Welcome to the forum!! 

May we know your name?

It is the Canadian Food Inspection Agency (CFIA) that establishes the import requirements for all animals (including domestic pets) entering Canada.

http://www.inspection.gc.ca/english/anim...mphe.shtml

Read more: http://www.tortoiseforum.org/Thread...ses-eggs-into-Canada-is-illegal#ixzz1IwUnJNyj


----------



## cross7fu (Apr 8, 2011)

emysemys said:


> Hi Cross7fu:
> 
> Welcome to the forum!!
> 
> ...


Hi, thanks for the welcome! you can just call me Cross.
The first link you posted is not working, I guess it is the page about "Importation of Amphibians and Reptiles"?
I have read about it and I think I was reading the wrong section. I was reading about turtle/tortoise eggs which I'm actually looking for import requirements for turtle/tortoise LOL.
So, in order to import a pet turtle to Canada, I need a permit from government of Canada, how about a health certificate and petstore receipt? I'm an emigrant and now I've got my Canadian citizenship, can I still import my turtle from another country?


----------



## Isa (Apr 9, 2011)

cross7fu said:


> I've been wondering this question, and planning to import a couple of turtles to Canada this year. English is not my mother language, I really want to clarify about the import requirements.
> 
> "*Until a Risk Assessment demonstrates safety*, no permits will be issued for turtle and tortoise eggs for personal use or commercial purposes (i.e. pet stores)."
> 
> ...



Hello and Welcome to the forum 

"the only way it will be possible is if you live in another Country and have a tortoise or turtle, move in Canada and have the import permit"

It means that if you live in another Country (If you are not Canadian) and you are comming to live in Canada, you can ask for the import permit to the Canadian Government. If you are Canadian and you want to import a torotise, you can not. The link does not work on the weekend. But if you try it on Monday morning, it will works. 

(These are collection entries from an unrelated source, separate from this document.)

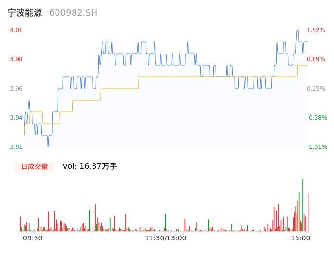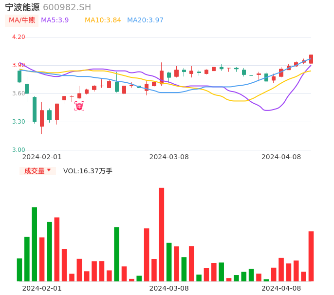 04月08日,宁波能源收报4.01,股价涨幅1.52%,成交金额6516.34万元,换手率1.48%。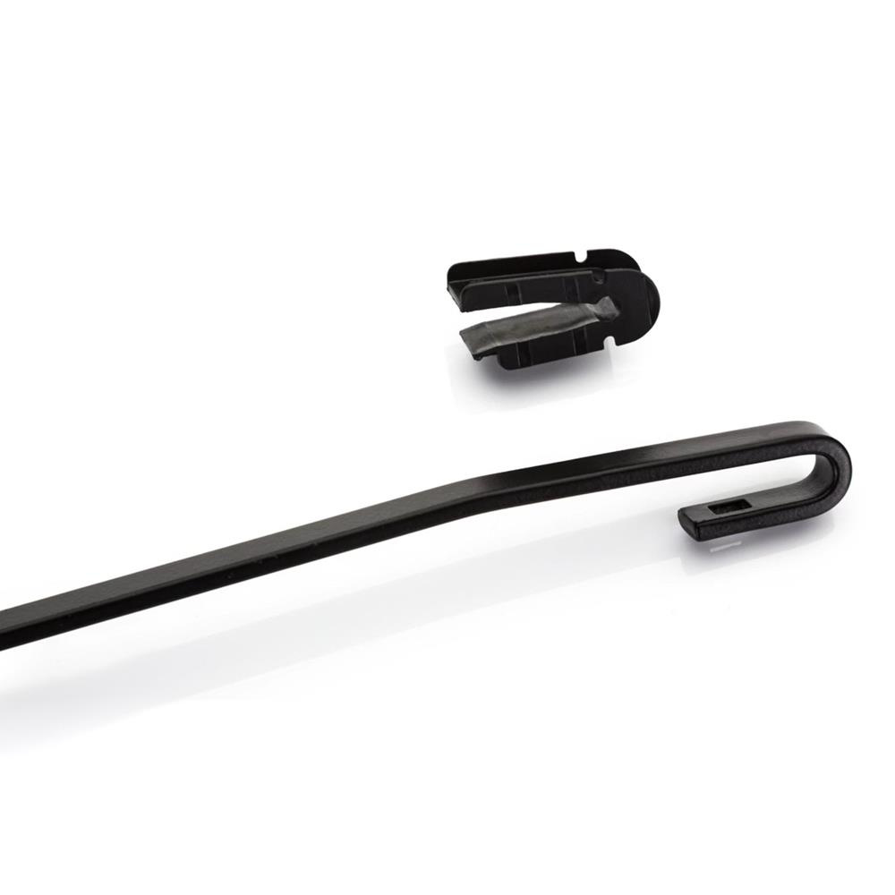 - Das Gummi wird aus einer Mischung aus natürlichem Kautschuk und Graphit hergestellt, was die Reibungsparameter verbessert und verursacht, dass die Scheibenwischer besonders leise laufen.
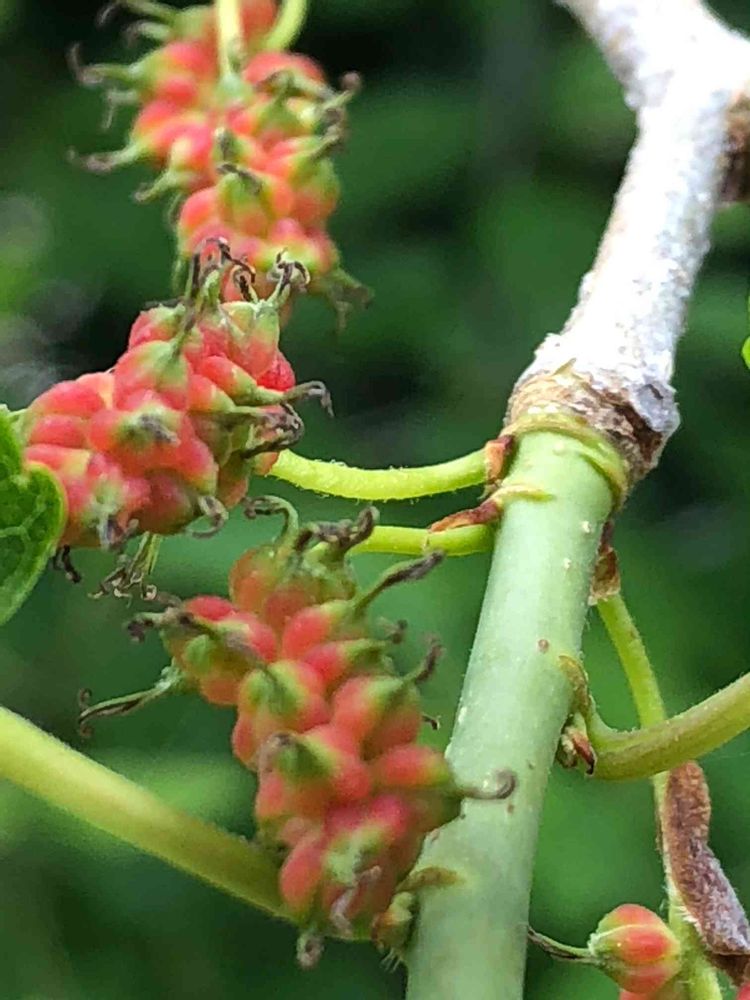 葉っぱ🌿を避けて、よく見てみると、まだ熟していない、たぶん「桑の実」⁉️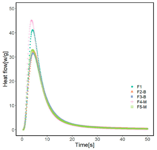 Photo-DSC was used to monitor the photopolymerization behavior of UV-curable acrylate formulations containing various concentrations of MPs. Table 2 and Figure 7 present the results of photo-DSC measurements, and Figure 8 illustrates the conversion of formulations. According to the measurement results, the heat flow enthalpy () and conversion (α) remain approximately constant with increasing MP content in the formulation.

Since you already live in Canada, I do not think you will be able to import your tortoise or turtle because the vet told me that the pet turtle or toroise must arrived at the duty with its owner. You should give them a call on Monday 

Good luck and let us know what they say...


----------



## cross7fu (Apr 10, 2011)

Isa said:


> cross7fu said:
> 
> 
> > I've been wondering this question, and planning to import a couple of turtles to Canada this year. English is not my mother language, I really want to clarify about the import requirements.
> ...


Thank you Isa, I just sent an email to CFIA, I'll let you know the answer.


----------



## Isa (Apr 10, 2011)

Good luck


----------



## dmmj (Apr 10, 2011)

So say I was moving to canada (being an american) I could import my tortoise with me, but If I was a canadian living in the US and then moved back to canada I could not take my tortoise with me?


----------



## Angi (Apr 10, 2011)

This seems so wierd to me. Is Canada salmonella free and trying to keep it out? That is the only way I can wrap my head around this as salmonella comes from many animals. I can understand making people get permits for a pet that counld be dangerous or hurt the enviroment if it was realeased.


----------



## Isa (Apr 11, 2011)

DMMJ I am sure you could bring your tortoises back with you if you lived in the USA since you were living in another Country. 
Angi, It is not only for salmonella, it is also for other patogen and bacterias.


----------



## cross7fu (Apr 17, 2011)

hi guys, I was super busy last week and didn't get a chance to tell u what CFIA answered me.
anyways, what I've got from them is if I want to import a turtle from my country to Canada as a pet, 
I need to bring it with me in person, and I need an import permit, which I need to apply 30 days before 
me and my turtle arrive. 
So from my understanding we can bring turtles to Canada based on these two conditions, and of course
if the turtle is in CITES list we need to apply for an CITES permit as well.


----------



## Isa (Apr 17, 2011)

cross7fu said:


> hi guys, I was super busy last week and didn't get a chance to tell u what CFIA answered me.
> anyways, what I've got from them is if I want to import a turtle from my country to Canada as a pet,
> I need to bring it with me in person, and I need an import permit, which I need to apply 30 days before
> me and my turtle arrive.
> ...



Thanks for letting us know 
Are you living in Canada now?


----------



## cross7fu (Apr 18, 2011)

Isa said:


> cross7fu said:
> 
> 
> > hi guys, I was super busy last week and didn't get a chance to tell u what CFIA answered me.
> ...


Yes I am
and I'm planning to import 2 turtles from hong kong, hope it works.


----------



## Isa (Apr 18, 2011)

cross7fu said:


> Yes I am
> and I'm planning to import 2 turtles from hong kong, hope it works.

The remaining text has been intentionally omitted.